● **Work required**:
Only the lines from the one with "Rotación 90°, Negro" to the end of the data, both ends included, should be output, exactly as they stand and without pictures.

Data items
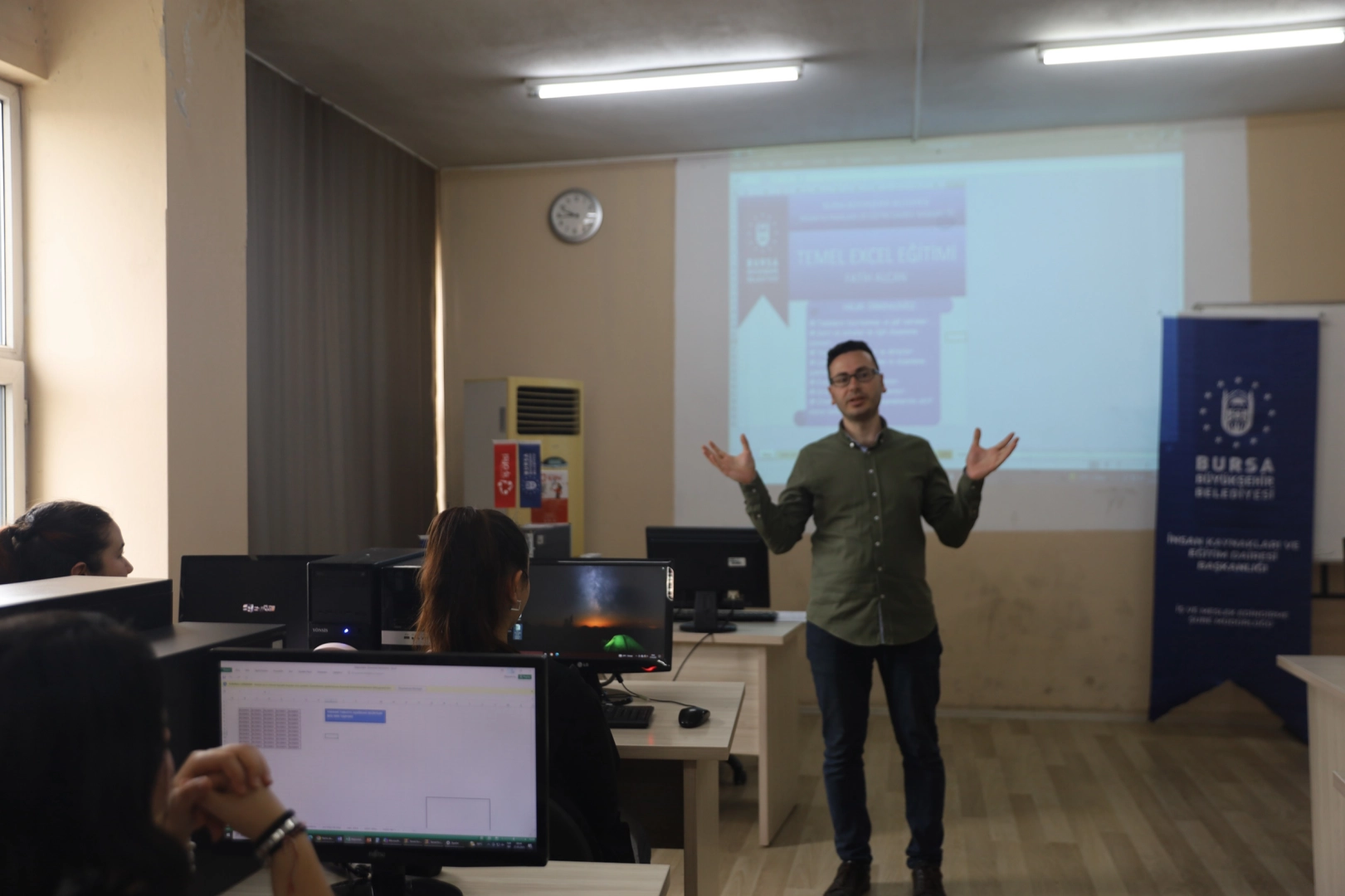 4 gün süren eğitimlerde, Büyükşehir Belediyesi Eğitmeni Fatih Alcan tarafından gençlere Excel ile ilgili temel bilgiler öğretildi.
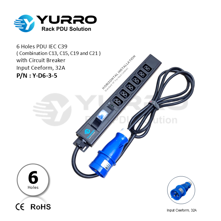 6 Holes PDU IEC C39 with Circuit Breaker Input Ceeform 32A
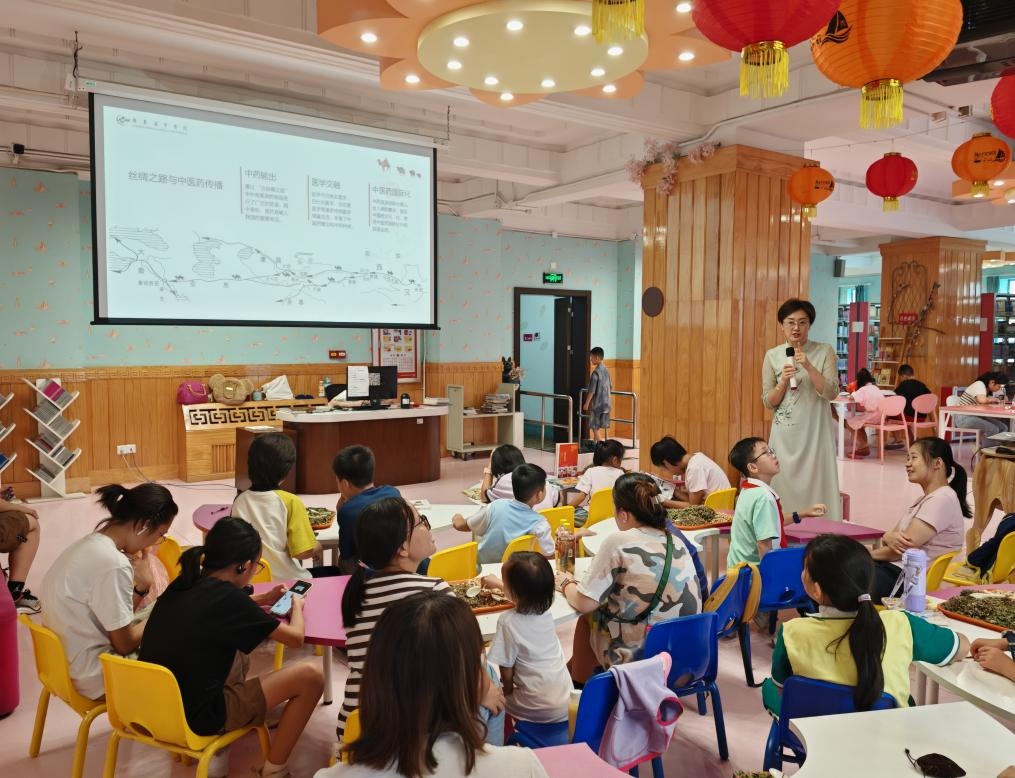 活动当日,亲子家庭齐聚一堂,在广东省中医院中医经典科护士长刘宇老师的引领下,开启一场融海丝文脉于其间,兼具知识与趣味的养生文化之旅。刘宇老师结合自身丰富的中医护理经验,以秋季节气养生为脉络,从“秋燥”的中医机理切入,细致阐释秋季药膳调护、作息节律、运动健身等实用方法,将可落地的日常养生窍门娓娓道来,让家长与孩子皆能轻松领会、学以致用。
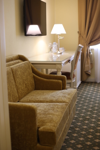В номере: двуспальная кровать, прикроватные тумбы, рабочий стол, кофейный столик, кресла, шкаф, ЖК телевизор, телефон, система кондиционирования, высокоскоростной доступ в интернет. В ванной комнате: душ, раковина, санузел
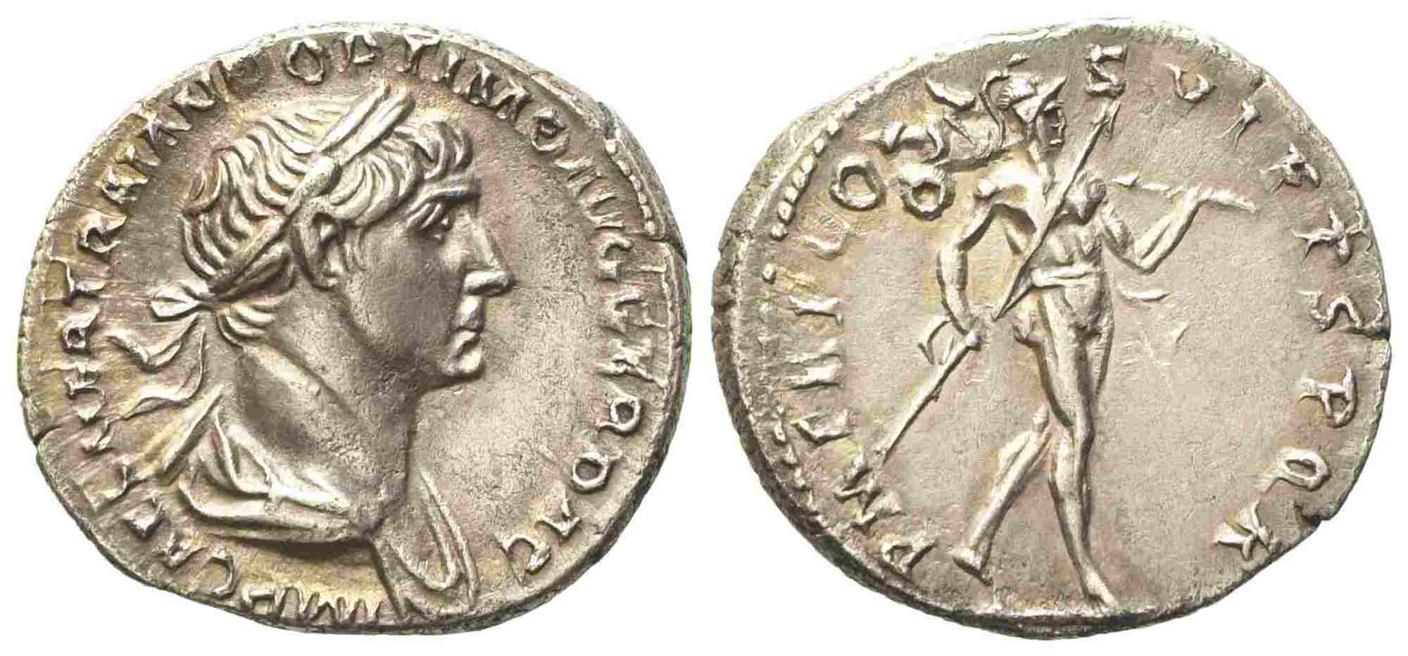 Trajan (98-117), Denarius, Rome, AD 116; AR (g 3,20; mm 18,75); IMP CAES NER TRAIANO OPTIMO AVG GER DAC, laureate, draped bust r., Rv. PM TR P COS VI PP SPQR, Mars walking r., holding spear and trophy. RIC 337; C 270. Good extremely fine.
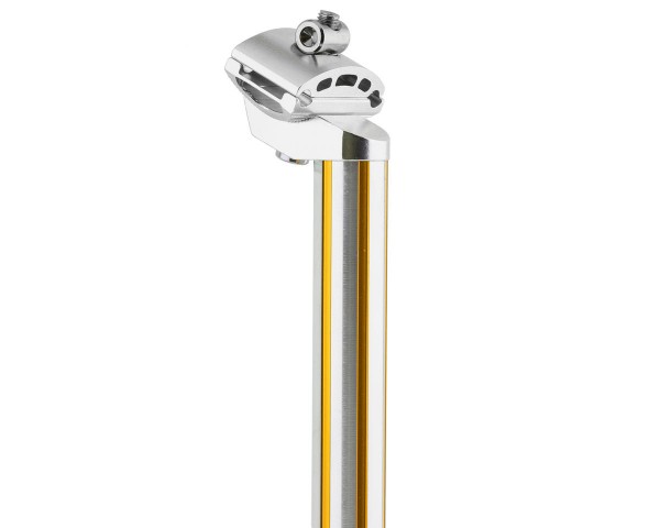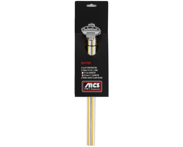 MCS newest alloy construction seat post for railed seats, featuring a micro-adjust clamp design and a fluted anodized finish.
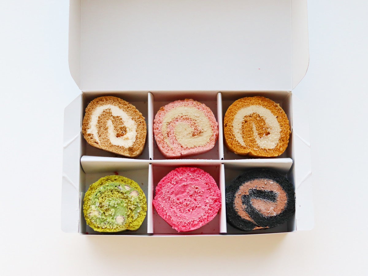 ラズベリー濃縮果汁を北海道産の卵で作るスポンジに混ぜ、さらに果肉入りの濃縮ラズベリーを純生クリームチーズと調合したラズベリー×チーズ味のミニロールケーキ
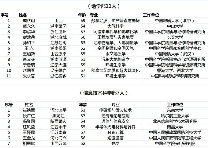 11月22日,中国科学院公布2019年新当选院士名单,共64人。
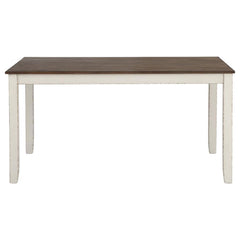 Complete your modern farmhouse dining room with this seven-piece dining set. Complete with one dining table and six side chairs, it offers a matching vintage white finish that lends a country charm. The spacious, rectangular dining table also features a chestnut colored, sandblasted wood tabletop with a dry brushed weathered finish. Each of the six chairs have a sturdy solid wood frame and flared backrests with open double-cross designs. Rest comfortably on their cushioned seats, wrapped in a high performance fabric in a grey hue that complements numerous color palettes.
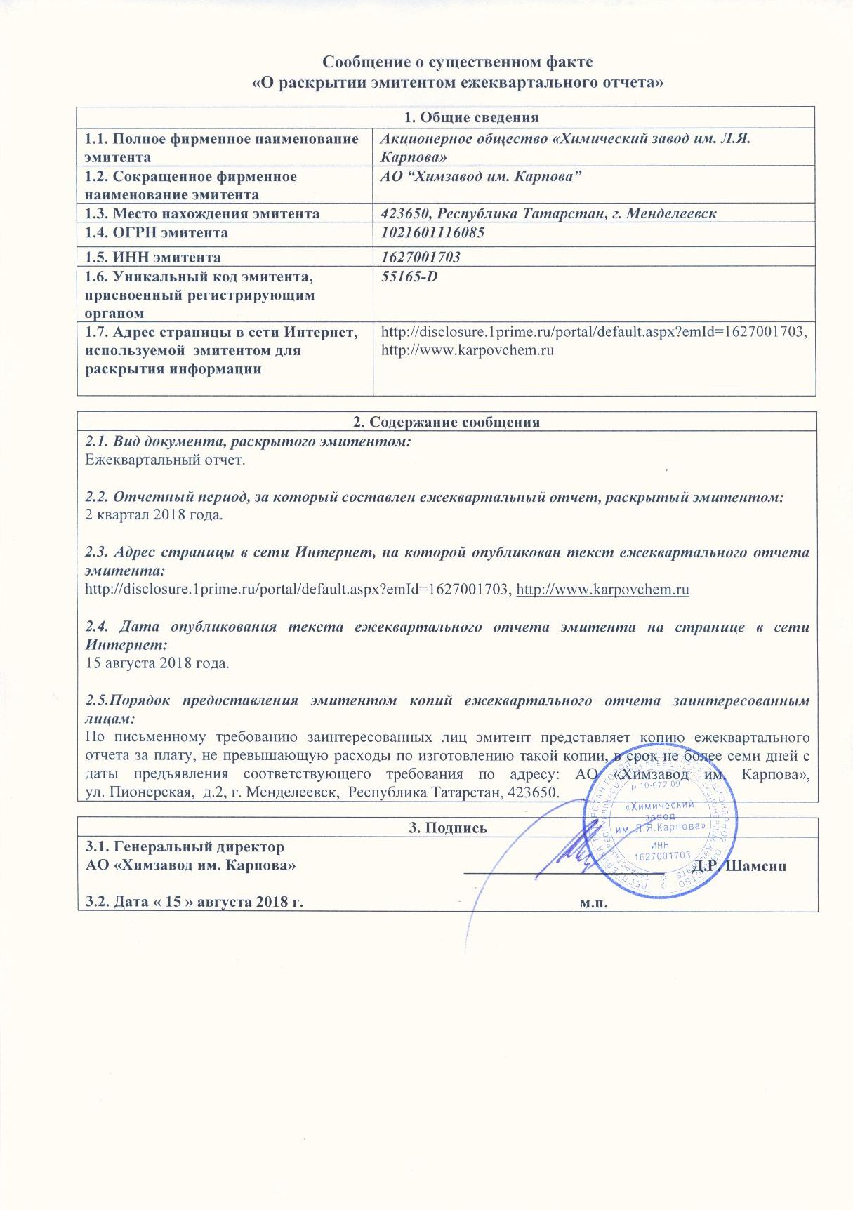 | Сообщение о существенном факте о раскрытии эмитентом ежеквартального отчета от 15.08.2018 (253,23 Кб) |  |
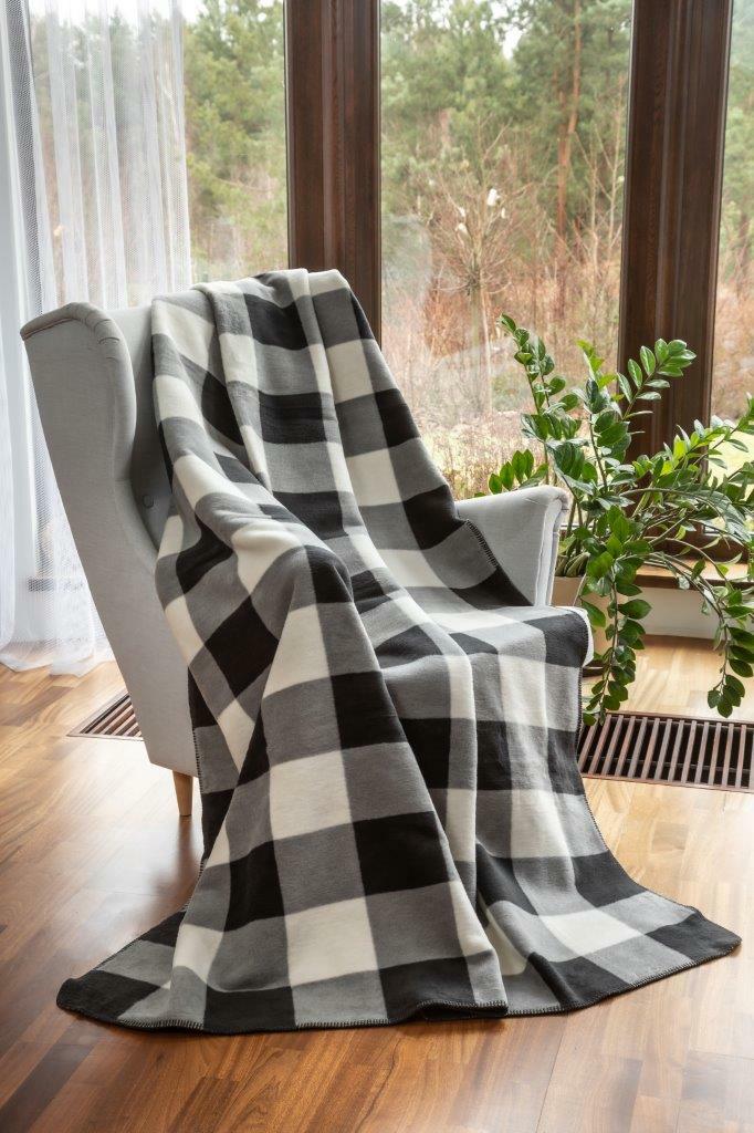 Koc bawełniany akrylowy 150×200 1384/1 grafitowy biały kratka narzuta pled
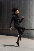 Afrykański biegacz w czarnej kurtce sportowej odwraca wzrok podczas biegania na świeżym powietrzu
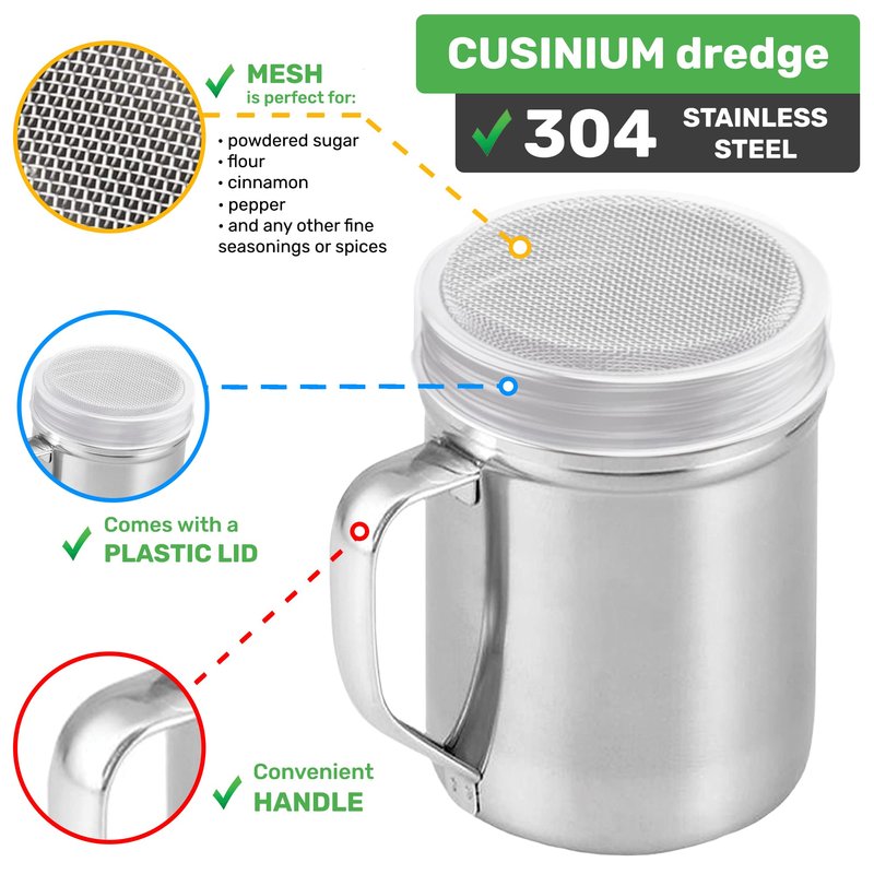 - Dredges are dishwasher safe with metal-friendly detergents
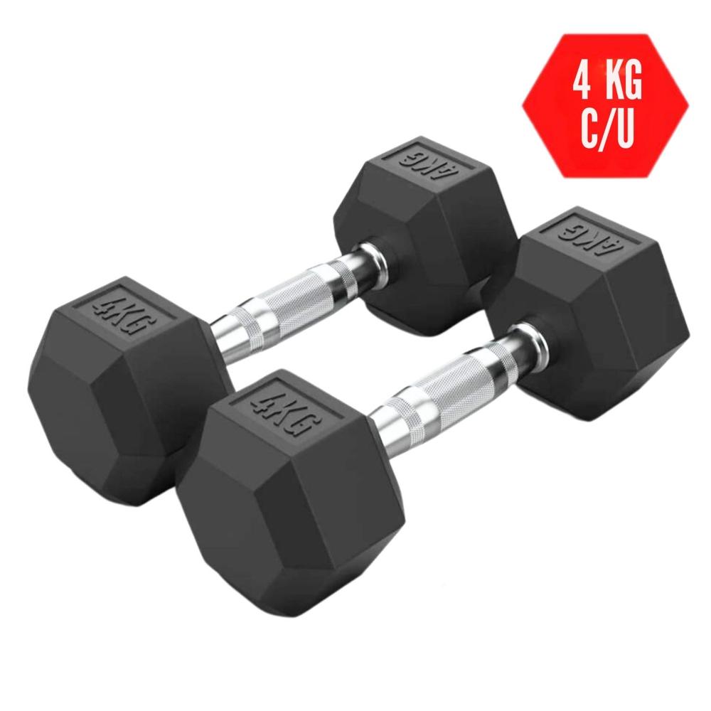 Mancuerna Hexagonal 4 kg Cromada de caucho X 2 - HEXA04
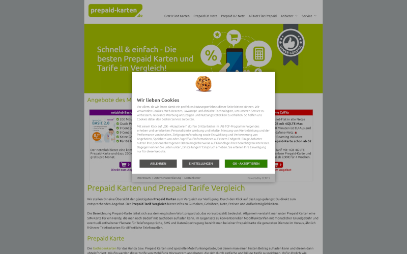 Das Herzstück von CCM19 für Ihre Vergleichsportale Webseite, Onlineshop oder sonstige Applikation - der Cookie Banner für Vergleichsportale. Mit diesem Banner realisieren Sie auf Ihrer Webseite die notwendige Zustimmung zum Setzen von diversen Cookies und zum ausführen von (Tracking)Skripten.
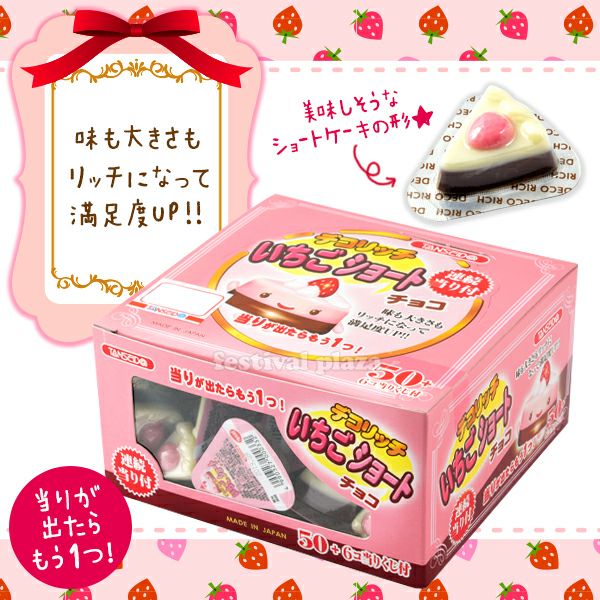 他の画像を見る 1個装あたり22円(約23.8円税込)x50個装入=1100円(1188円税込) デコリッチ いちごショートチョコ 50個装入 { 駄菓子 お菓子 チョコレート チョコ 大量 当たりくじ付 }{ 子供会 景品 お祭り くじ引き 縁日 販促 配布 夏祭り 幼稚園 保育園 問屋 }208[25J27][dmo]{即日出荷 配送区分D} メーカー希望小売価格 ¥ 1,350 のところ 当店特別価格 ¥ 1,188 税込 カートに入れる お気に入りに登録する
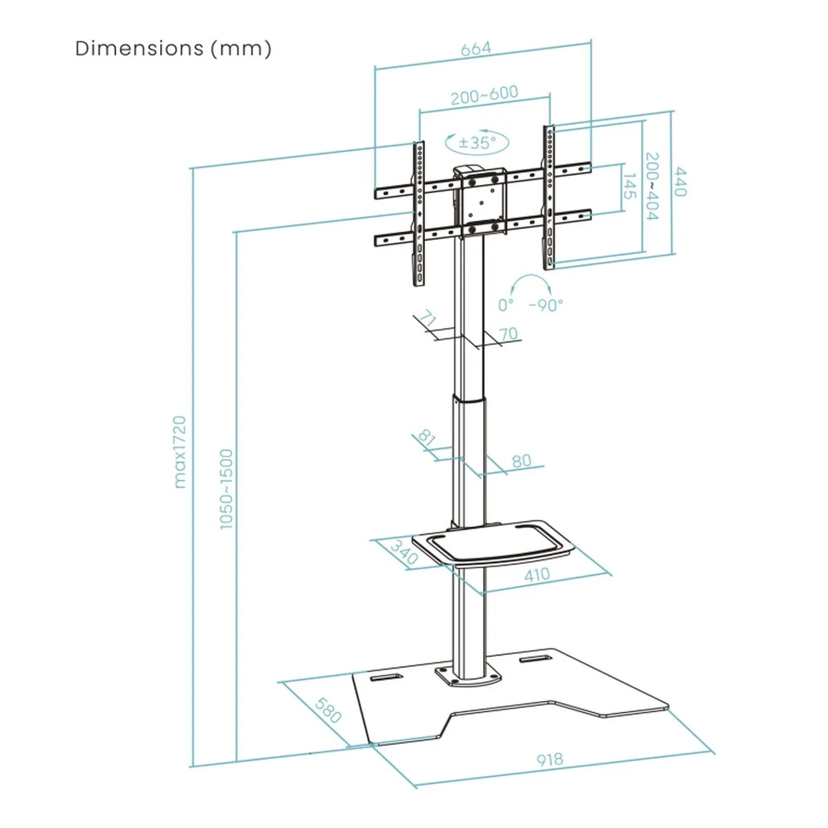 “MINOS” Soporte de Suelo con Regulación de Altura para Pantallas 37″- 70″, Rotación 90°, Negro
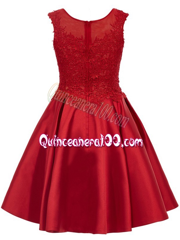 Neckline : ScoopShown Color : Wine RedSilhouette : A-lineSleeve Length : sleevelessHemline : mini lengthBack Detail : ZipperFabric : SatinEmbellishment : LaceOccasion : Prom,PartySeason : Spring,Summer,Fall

● **Completed exercise**:
 “MINOS” Soporte de Suelo con Regulación de Altura para Pantallas 37″- 70″, Rotación 90°, Negro
 Neckline : ScoopShown Color : Wine RedSilhouette : A-lineSleeve Length : sleevelessHemline : mini lengthBack Detail : ZipperFabric : SatinEmbellishment : LaceOccasion : Prom,PartySeason : Spring,Summer,Fall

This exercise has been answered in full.